ЛАХ.  Его пути неисповедимы.

ГЕР.    Наверное, Бог любит яблоки.

ЛАХ.  Не смейся, Гермоген. Всё в Его власти!

ГЕР.    Ты стал таким набожным, Лахес! Я помню тебя совсем другим.

ЛАХ.  Что тут скажешь! Пора уже взяться за ум. Посеять свой дикий овёс, как говорят англичане.

ГЕР.    А овёс уже созрел? Можно сеять?

ЛАХ.  Не знаю, Гермоген! Я не могу прийти в себя. Родной город стал мне чужим! Целый месяц люди плачут на улицах. Дом соседа разрушен. Вся его семья была внутри, а сам он поехал куда-то по делам. Он, бедняга, ещё ничего не знает!

ГЕР.    Видимо, Бог прогневался на его семью.

ЛАХ.  Напрасно. Это были хорошие люди.

ГЕР.    Нам, впрочем, долго везло. Мы пережили две войны, потом эта оккупация, и ничего плохого с нами не случилось.

ЛАХ.  Да, много чего было.

ГЕР.    Много чего всё время бывает, просто мы замечаем лишь то, что относится к нам самим.

ЛАХ.  Я не могу забыть фиолетовое облако, сползавшее с горы. Птицы метались по воздуху, как пепел сожжённой рукописи. Было утро, а солнце не смело блистать. Оно лишь растекалось по небу тусклой золотой кляксой. Лоскутья ночи скользили по нему, словно желая стереть его совершенно. А потом явилась эта туча, похожая на звериную лапу. Первый удар был таким сильным, что в первый миг показался мне мягким, почти нежным, будто любящая ладонь качнула колыбель моего дома.

ГЕР.    Я видел всё сам.

ЛАХ.  А где ты был?

ГЕР.    Да тут, на холме. Знаешь, о чём я только что подумал? Ураган лишь проявил для нас ту жестокость, которая всегда царит в мире. Обычно мы не думаем о ней. Мы думаем о приятных вещах. Гуляя по лесу, мы любуемся берёзами, которые мелодично шепчутся на ветру. Мы сравниваем сосны с высокими светильниками. Трава торжественно хрустит, а птицы божественно поют. Мы не думаем о том, что этот самый лес наполнен существами, которые охотятся друг на друга, пожирают друг друга, погибают в агонии. Смотря на море, мы видим превосходную синюю гладь, отражающую тончайшие мысли неба. А про яростную, страшную бойню, которая идёт под этой самой гладью, мы не думаем вовсе.

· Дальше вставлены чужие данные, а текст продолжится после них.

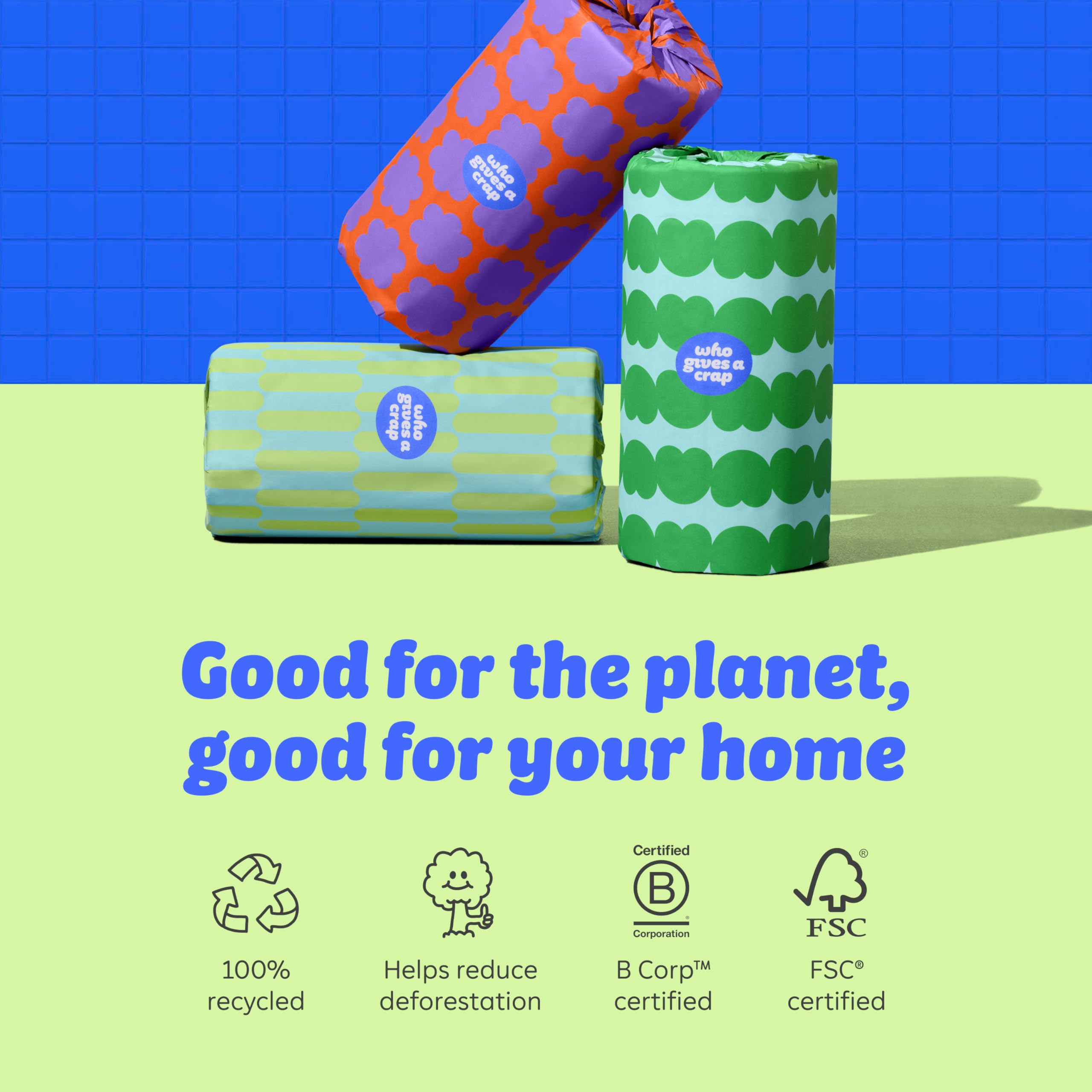SUSTAINABLE AND RESPONSIBLE: Wrapped in 100% recycled paper instead of plastic, these rolls are designed with the planet in mind. FSC certified and B Corp certified, they meet strict standards for sustainability and social impact—proof that clean-ups can be good for the world too.

ЛАХ.  Это ты так утешаешь меня? Но представь себе, что было бы, если бы мы всегда думали об этих ужасных вещах! Да мы бы с ума сошли!

ГЕР.    Точно, Лахес. Лучше быть сумасшедшим, чем сойти с ума. Действительно, а надо ли сейчас обо всём этом говорить? Посмотри, в каком ты состоянии! Может, просто посидим и помолчим? А разговор можно закончить и в другой раз.

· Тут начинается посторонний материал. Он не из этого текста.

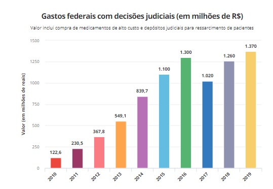 Só em 2019, o Ministério da Saúde gastou R$ 1,37 bilhão com aquisição de medicamentos e depósitos judiciais para ressarcimento de pacientes. Em dez anos, entre 2010 e 2019, as demandas custaram R$ 8,16 bilhões aos cofres federais.

ЛАХ.  Когда? Через десять лет, когда ты снова появишься? Не уж, давай продолжать! Ураган разрушил мой город, мой дом, но я не позволю ему разрушить и мою философию!

ГЕР.    Браво, друг мой! Таким вот я тебя и помню!

ЛАХ.  На чём же мы остановились?

ГЕР.    Да вот на этом самом. На жестокости мира. Кто знал, что разразится ураган и нам эту жестокость наглядно продемонстрирует!

ЛАХ.  Жестокость мира! О ней всегда полезно поговорить. Продолжай, Гермоген! Прошу тебя!

ГЕР.    Ну хорошо. Тогда пойдём оттуда, где мы остановились. Природные бедствия относительно редки. Есть люди, которые никогда не увидят ни цунами, ни урагана, ни страшного потопа, ни крупного пожара. Люди, на долю которых выпали такие беды, часто начинают подвергать сомнению существование Бога или моральную основу вселенной. Порой целые народы впадают в духовный кризис. Люди задают вопросы, тяжёлые вопросы, как было, например, после печально знаменитого лиссабонского землетрясения. Но всё постепенно смолкает. Вот бросили камень в пруд. Громкий плеск, недолгое смятение воды, и пруд снова тих и спокоен. Ладонь, которая качала твой дом, качает его всегда, и, если ты внимателен, то ты чувствуешь это качание в череде размеренных дней, сменяющих друг друга, усыпляющих твою душу.

ЛАХ.  Но я не сплю.

ГЕР.    Это тебе только кажется. Мы уже много раз говорили об этом. Помнишь?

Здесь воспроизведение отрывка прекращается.